Find number of ways to make a necklace (or a garland) consisting of $6$ identical diamonds and $3$ identical pearls.
I got the correct answer $7$ by taking different cases but when I applied the formula for arrangement, i.e. $$\frac{(6+3-1)!}{6!3!2}$$ I get a value which is not an integer. I divided by $6!$ and $3!$ because the diamonds and pearls are identical. Further I divided by $2$ since a necklace can be viewed from two sides.
Why am I getting a wrong answer?
Necklaces are invariant under rotation, while bracelets are invariant under rotation and reflection. You seem to be counting bracelets rather than necklaces.
If we arrange six indistinguishable diamonds and three indistinguishable pearls in a row, there are $\binom{9}{3}$ ways to select the positions of the pearls. We can join the ends of the row together to form a circle. Since there are nine objects, it would appear that there are nine linear arrangements which correspond to the same circular arrangement, once for each of the nine places we could cut the circle to obtain a linear arrangement, which would give $$\frac{1}{9}\binom{9}{3}$$ necklaces. However, this is not quite right because we can only divide by $9$ if each of the nine linear arrangements is distinct. As Ned pointed out in the comments, this is not true since there are only three distinct linear arrangements corresponding to the necklace in which each pair of pearls is separated by exactly two diamonds. Those linear arrangements are PDDPDDPDD, DPDDPDDPD, and PPDPPDPPD. Hence, dividing by $9$ counts that symmetrical necklace $1/3$ times. We want to count it once, so we must add $2/3$ to the total. Hence, there are $$\frac{1}{9}\binom{9}{3} + \frac{2}{3} = 10$$ distinct necklaces that can be formed with six indistinguishable diamonds and three indistinguishable pearls. They are shown below.

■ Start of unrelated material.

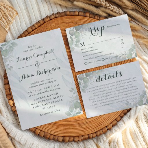 Rustic Eucalyptus Sage Green Waterverf Wedding All In One Uitnodiging
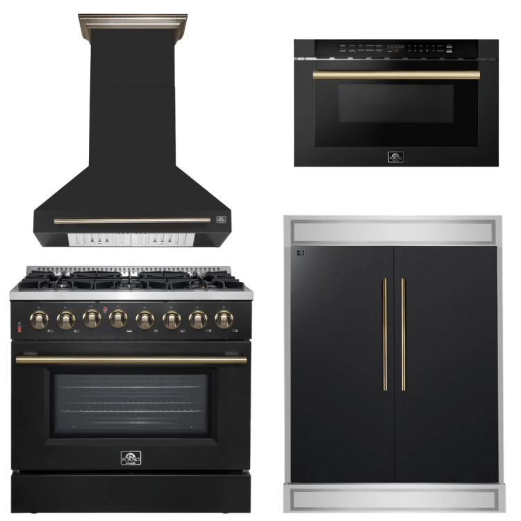 FORNO Appliance Package - 36" Dual Fuel Range, Range Hood, 60" Refrigerator, Microwave in Black with Antique Brass Accents

As Ned pointed out in the comments, you cannot simply divide the number of necklaces by $2$ to obtain the number of bracelets since some bracelets are their own reflections, so you would be counting each symmetrical bracelet $1/2$ times rather than once.
Notice that the four necklaces in the top row are symmetrical with respect to the vertical axis drawn through the top pearl. Thus, each of these four necklaces is its own reflection. Each necklace which is its own reflection produces one bracelet.
On the other hand, reflecting each necklace in the second row in this axis produces a different necklace, namely the necklace in the third row in the corresponding column. Each pair of necklaces which can be obtained by reflection from each other corresponds to a single bracelet.
Hence, the number of bracelets which can be formed using six indistinguishable diamonds and three indistinguishable pearls is $$4 + \frac{6}{2} = 4 + 3 = 7$$
There are two possibilities here, rotational symmetry (necklace) or dihedral symmetry (bracelet). This is the OEIS naming convention. For the first one we have the cycle index of the cyclic group:
$$Z(C_n) = \frac{1}{n} \sum_{d|n} \varphi(d) a_d^{n/d}.$$
For second one we have the cycle index of the dihedral group
$$Z(D_n) = \frac{1}{2} Z(C_n) + \begin{cases} \frac{1}{2} a_1 a_2^{(n-1)/2} & n \text{ odd} \\ \frac{1}{4} \left( a_1^2 a_2^{n/2-1} + a_2^{n/2} \right) & n \text{ even.} \end{cases}$$
We get for $n=9$ the cycle indices
$$Z(C_9) = 1/9\,{a_{{1}}}^{9}+2/9\,{a_{{3}}}^{3}+2/3\,a_{{9}}$$
and
$$Z(D_9) = 1/18\,{a_{{1}}}^{9}+1/9\,{a_{{3}}}^{3}+1/3\,a_{{9}} +1/2\,a_{{1}}{a_{{2}}}^{4}.$$
Then by the Polya Enumeration Theorem we require
$$[D^6 P^3] Z(C_9; D+P)$$
and
$$[D^6 P^3] Z(D_9; D+P).$$
We thus get for the first case
$$\frac{1}{9} {9\choose 6} + \frac{2}{9} {3\choose 2} = 10$$
and the second one
$$\frac{1}{2} 10 + \frac{1}{2} [D^6 P^3] (D+P) (D^2+P^2)^4 \\ = 5 + \frac{1}{2} [D^6 P^2] (D^2+P^2)^4 + \frac{1}{2} [D^5 P^3] (D^2+P^2)^4 \\ = 5 + [D^3 P] (D+P)^4 = 5 + \frac{1}{2} {4\choose 3} = 7.$$